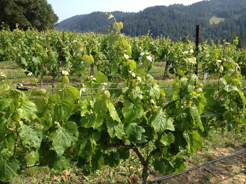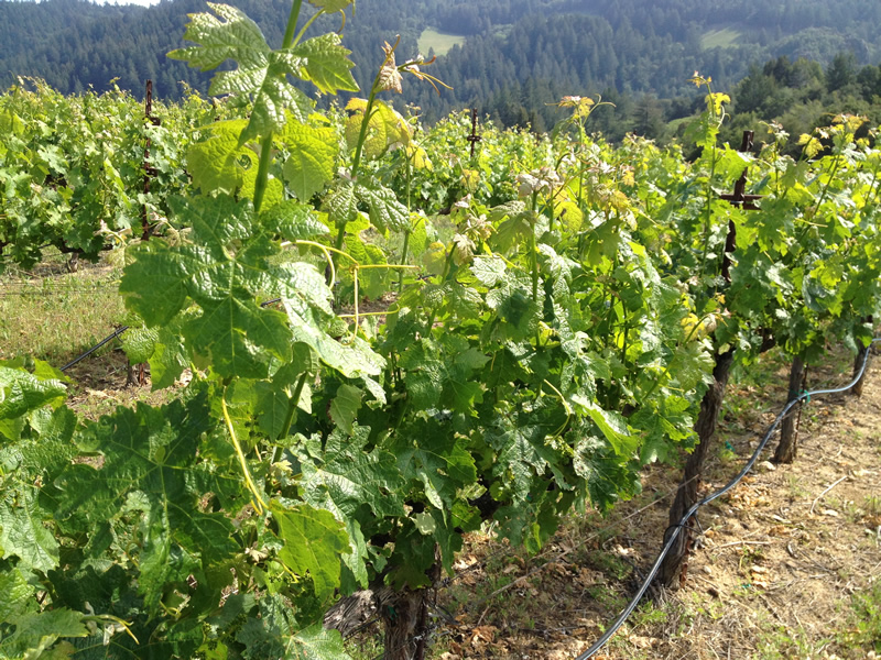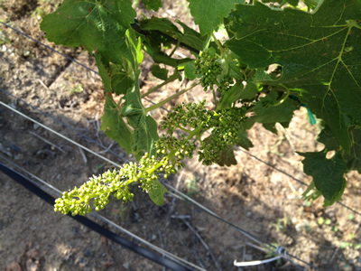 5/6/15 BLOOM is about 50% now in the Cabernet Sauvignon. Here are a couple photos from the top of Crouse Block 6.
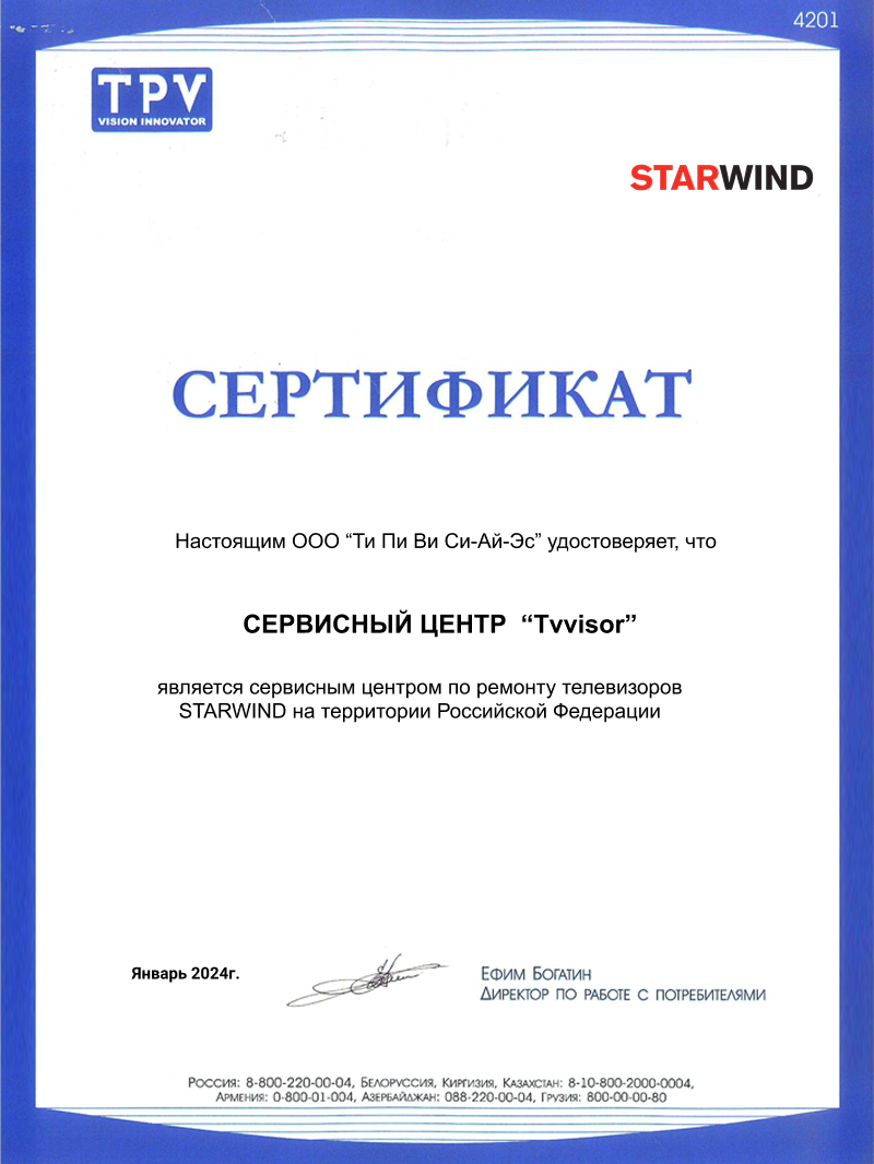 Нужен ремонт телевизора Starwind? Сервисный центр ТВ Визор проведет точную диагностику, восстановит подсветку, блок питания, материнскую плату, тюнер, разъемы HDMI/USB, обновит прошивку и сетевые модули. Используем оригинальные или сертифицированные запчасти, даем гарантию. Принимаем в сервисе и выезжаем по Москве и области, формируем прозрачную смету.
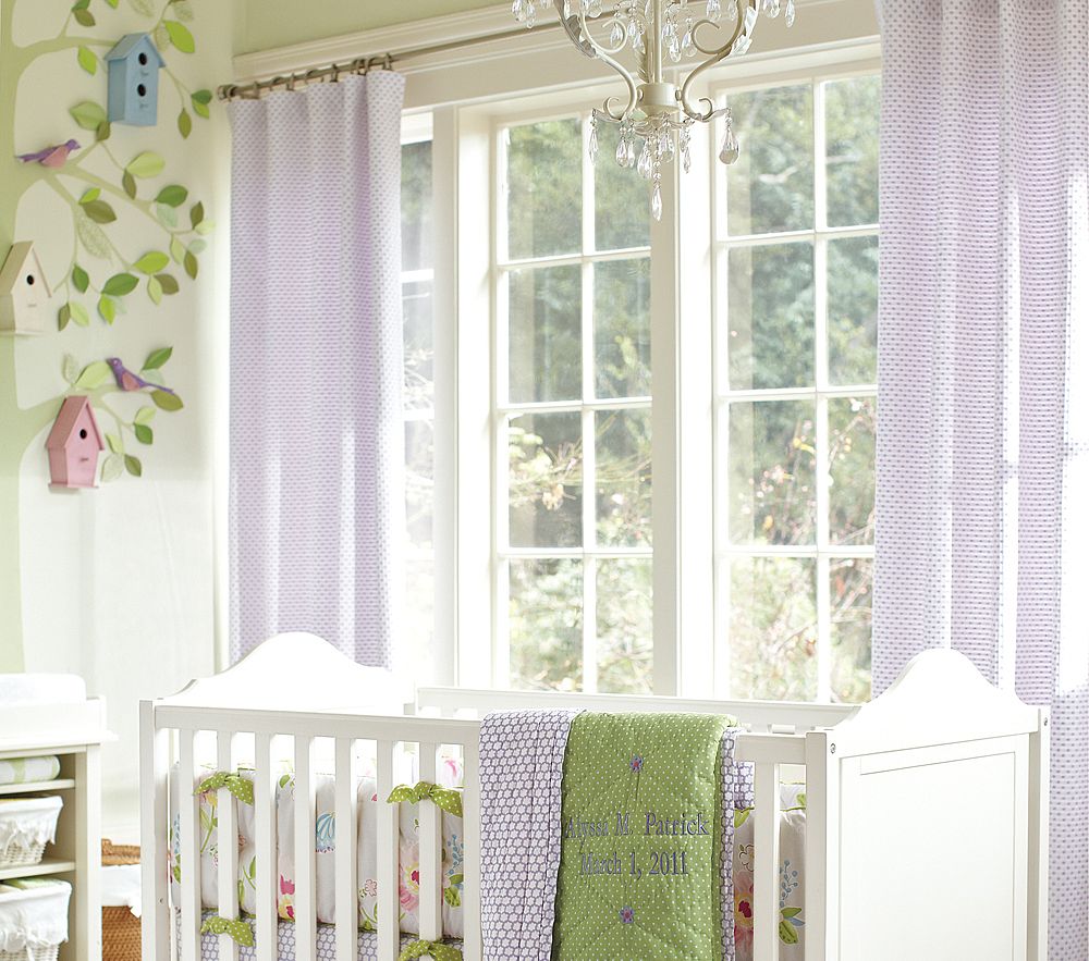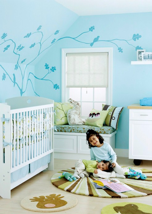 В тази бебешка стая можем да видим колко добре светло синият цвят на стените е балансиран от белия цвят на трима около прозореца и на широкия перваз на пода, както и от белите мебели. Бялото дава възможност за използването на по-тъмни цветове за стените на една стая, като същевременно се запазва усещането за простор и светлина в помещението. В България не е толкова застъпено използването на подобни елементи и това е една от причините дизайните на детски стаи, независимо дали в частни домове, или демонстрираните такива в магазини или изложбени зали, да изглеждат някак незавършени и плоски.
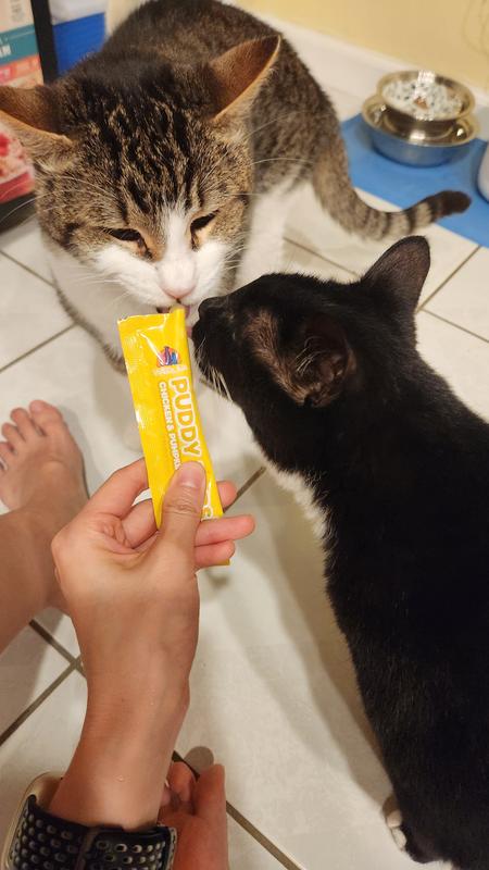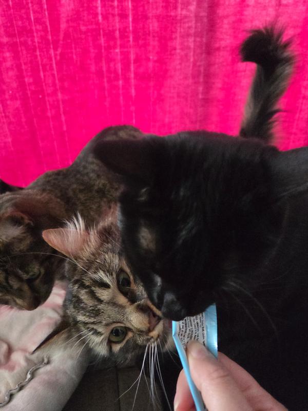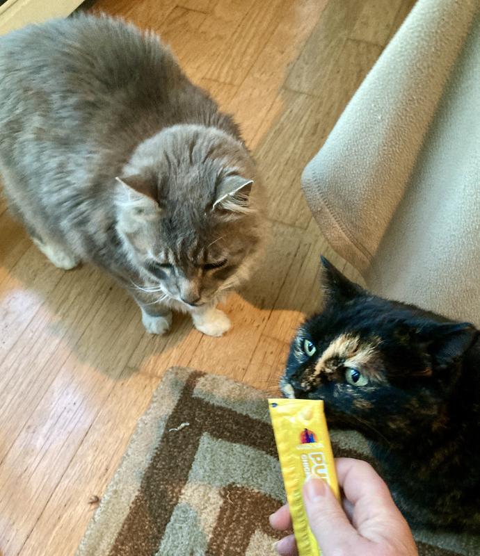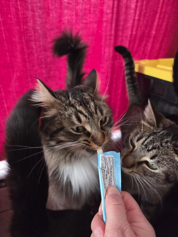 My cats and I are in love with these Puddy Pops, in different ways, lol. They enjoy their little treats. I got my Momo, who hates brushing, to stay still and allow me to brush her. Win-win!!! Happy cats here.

* * *

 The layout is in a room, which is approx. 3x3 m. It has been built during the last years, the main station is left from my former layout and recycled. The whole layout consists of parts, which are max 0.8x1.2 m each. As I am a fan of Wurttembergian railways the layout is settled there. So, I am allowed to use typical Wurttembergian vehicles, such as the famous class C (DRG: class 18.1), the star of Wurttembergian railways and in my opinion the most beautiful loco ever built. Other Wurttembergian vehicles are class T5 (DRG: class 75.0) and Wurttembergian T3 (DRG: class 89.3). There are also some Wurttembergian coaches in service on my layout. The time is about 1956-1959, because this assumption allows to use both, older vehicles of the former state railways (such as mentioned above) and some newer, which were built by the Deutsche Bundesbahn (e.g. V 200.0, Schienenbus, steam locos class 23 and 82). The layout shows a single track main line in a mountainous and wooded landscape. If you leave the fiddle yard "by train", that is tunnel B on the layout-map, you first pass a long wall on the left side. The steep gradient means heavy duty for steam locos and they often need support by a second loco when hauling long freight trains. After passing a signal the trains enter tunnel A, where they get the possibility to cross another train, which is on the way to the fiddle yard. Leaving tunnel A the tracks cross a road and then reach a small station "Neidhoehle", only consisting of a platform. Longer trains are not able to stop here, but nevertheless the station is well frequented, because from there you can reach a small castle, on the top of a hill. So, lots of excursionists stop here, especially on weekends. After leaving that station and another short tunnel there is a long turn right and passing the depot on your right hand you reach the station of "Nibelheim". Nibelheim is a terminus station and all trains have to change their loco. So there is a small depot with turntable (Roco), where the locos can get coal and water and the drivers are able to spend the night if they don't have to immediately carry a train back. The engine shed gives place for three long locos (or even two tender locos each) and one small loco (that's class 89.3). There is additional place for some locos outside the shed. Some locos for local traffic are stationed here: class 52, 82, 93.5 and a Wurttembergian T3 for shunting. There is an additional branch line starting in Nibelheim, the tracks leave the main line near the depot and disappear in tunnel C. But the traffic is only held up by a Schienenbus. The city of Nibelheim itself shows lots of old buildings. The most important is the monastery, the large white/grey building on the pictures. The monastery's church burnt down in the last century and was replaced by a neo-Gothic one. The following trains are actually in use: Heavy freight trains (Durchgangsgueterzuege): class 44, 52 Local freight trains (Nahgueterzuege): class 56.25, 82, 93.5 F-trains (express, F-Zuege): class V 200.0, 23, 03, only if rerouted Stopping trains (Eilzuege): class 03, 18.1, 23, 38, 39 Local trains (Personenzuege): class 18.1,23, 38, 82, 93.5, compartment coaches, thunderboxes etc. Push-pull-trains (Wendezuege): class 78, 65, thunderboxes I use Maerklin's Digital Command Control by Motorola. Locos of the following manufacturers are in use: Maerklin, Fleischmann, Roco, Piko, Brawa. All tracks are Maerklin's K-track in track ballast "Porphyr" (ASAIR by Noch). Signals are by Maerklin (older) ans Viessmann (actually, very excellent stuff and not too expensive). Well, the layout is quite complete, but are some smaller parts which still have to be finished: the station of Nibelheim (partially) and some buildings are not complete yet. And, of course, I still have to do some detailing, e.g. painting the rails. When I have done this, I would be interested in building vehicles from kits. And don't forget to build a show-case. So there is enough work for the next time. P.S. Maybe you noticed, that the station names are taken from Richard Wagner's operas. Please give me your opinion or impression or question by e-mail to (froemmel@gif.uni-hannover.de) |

--

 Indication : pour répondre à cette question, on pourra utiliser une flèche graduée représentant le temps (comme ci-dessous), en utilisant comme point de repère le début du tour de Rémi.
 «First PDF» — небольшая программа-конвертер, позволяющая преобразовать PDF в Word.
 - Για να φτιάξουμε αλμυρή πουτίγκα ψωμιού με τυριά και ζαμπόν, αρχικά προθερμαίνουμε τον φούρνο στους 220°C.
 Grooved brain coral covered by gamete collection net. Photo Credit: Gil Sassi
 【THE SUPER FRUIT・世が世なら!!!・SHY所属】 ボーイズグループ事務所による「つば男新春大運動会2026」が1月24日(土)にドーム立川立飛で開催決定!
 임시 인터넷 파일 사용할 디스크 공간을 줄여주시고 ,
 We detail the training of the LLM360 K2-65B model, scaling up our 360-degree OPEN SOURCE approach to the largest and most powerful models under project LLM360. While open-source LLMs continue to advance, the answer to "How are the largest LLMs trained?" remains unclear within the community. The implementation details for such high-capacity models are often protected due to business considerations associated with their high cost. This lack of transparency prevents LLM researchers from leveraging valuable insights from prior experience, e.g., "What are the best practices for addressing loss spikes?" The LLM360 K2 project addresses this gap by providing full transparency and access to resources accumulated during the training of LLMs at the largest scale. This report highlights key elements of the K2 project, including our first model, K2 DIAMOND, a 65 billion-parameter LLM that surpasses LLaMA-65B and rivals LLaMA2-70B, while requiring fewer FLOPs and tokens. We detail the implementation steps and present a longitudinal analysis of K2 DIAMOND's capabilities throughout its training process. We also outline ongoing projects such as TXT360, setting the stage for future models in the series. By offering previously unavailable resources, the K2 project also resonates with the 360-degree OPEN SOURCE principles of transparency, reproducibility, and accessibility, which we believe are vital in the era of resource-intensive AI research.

WHAT IS NEEDED → When copying from the data above, print only the lines from the line containing "5/6/15 BLOOM is" to the line containing "Нужен ремонт телевизора", exactly, and leave the pictures out.

WRITTEN SOLUTION →
 5/6/15 BLOOM is about 50% now in the Cabernet Sauvignon. Here are a couple photos from the top of Crouse Block 6.
 Нужен ремонт телевизора Starwind? Сервисный центр ТВ Визор проведет точную диагностику, восстановит подсветку, блок питания, материнскую плату, тюнер, разъемы HDMI/USB, обновит прошивку и сетевые модули. Используем оригинальные или сертифицированные запчасти, даем гарантию. Принимаем в сервисе и выезжаем по Москве и области, формируем прозрачную смету.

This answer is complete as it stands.